→ To do
With every picture left out, restate the listing below exactly as written.

→ Supplied data
□ □ □ □

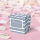 Casamentos azuis e poeirentos modernos favorecem caixas com listras brancas em um fundo azul empoeirado. Personalize facilmente as caixas de favoritos azuis com seus detalhes de casamento. Nossas modernas caixas de favoritos azuis são perfeitas para sua elegante festa de casamento azul empoeirada. Esse obrigado personalizado que você favorece caixas pode ser personalizado para outras ocasiões, como noiva ou chás de fraldas.
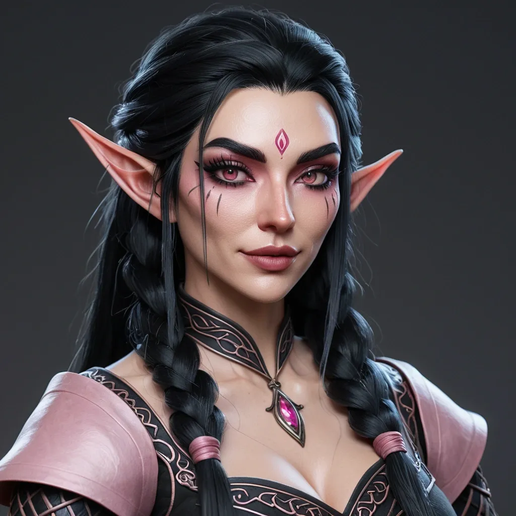 Generate a dungeons and dragons character portrait of the face of a femme nonbinary half eladrin elf half human with a delicate appearance. She is a thief and warlock. Her hair is a rose-quartz pink with black streaks and she has a few tiny braids in her otherwise very long and otherwise unadorned silky hair. she has bright black eyes and a little bit of an east asian look to her features and clothing , a sly and mischievous smile , with thick arched brows , gleaming clever and naughty eyes , heart shaped face. ,
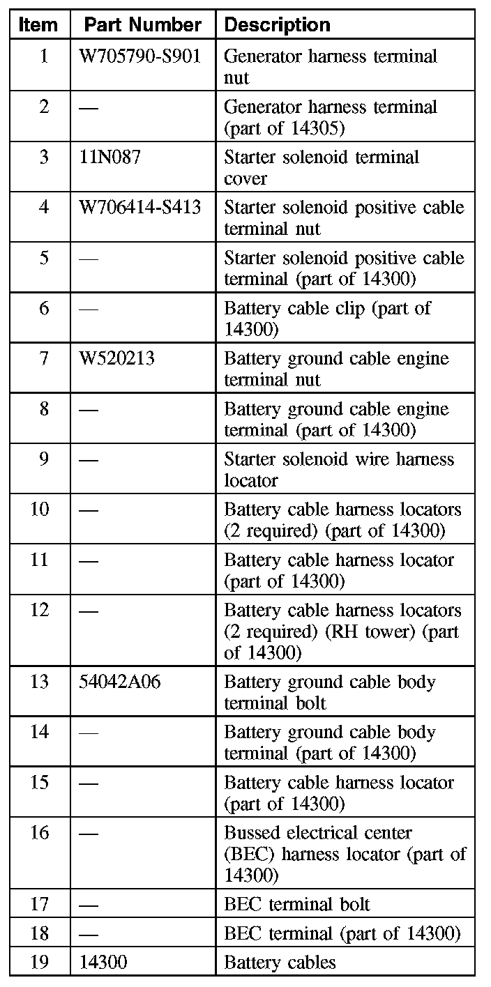 8. Remove the starter solenoid wire harness locator from the battery cable harness.
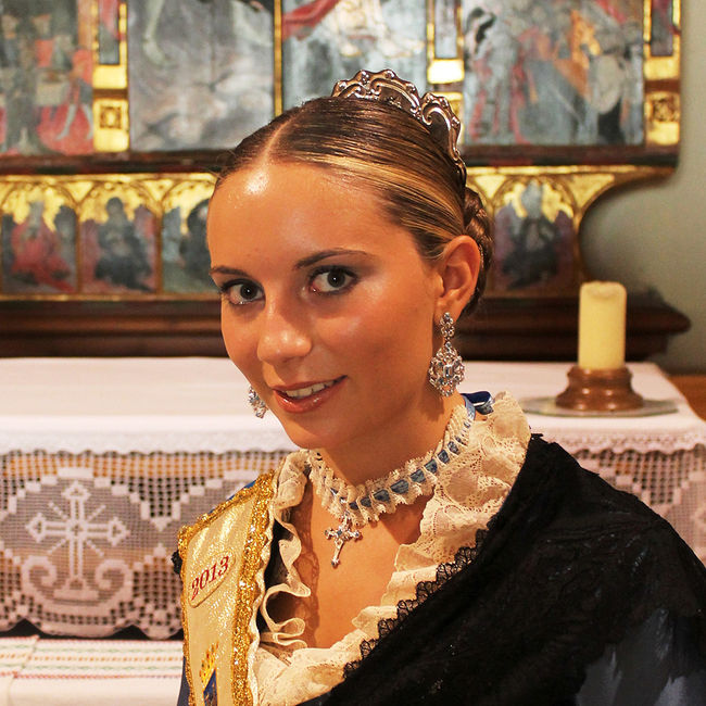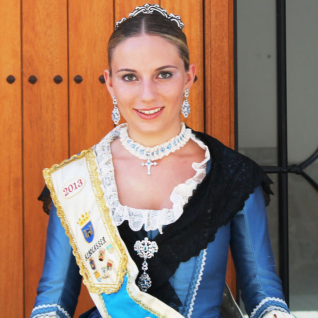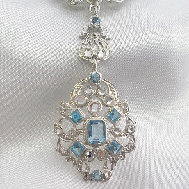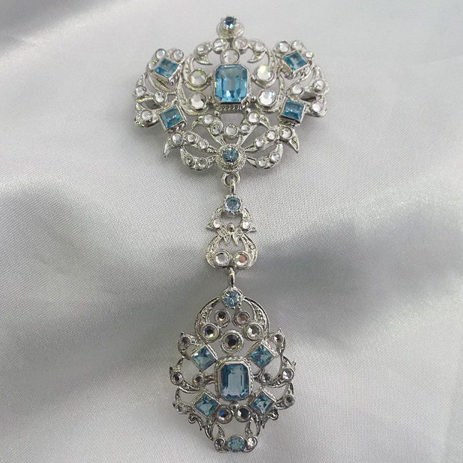 Broche realizado a mano de plata bañada en rodio. Las piedras son espejuelos e imitaciones de aguamarina. Realizado para Lledó Segarra Albalat, Reina de las Fiestas de Albocàsser 2013.

□ □ □ □

→ Result below
 Casamentos azuis e poeirentos modernos favorecem caixas com listras brancas em um fundo azul empoeirado. Personalize facilmente as caixas de favoritos azuis com seus detalhes de casamento. Nossas modernas caixas de favoritos azuis são perfeitas para sua elegante festa de casamento azul empoeirada. Esse obrigado personalizado que você favorece caixas pode ser personalizado para outras ocasiões, como noiva ou chás de fraldas.
 Generate a dungeons and dragons character portrait of the face of a femme nonbinary half eladrin elf half human with a delicate appearance. She is a thief and warlock. Her hair is a rose-quartz pink with black streaks and she has a few tiny braids in her otherwise very long and otherwise unadorned silky hair. she has bright black eyes and a little bit of an east asian look to her features and clothing , a sly and mischievous smile , with thick arched brows , gleaming clever and naughty eyes , heart shaped face. ,
 8. Remove the starter solenoid wire harness locator from the battery cable harness.
 Broche realizado a mano de plata bañada en rodio. Las piedras son espejuelos e imitaciones de aguamarina. Realizado para Lledó Segarra Albalat, Reina de las Fiestas de Albocàsser 2013.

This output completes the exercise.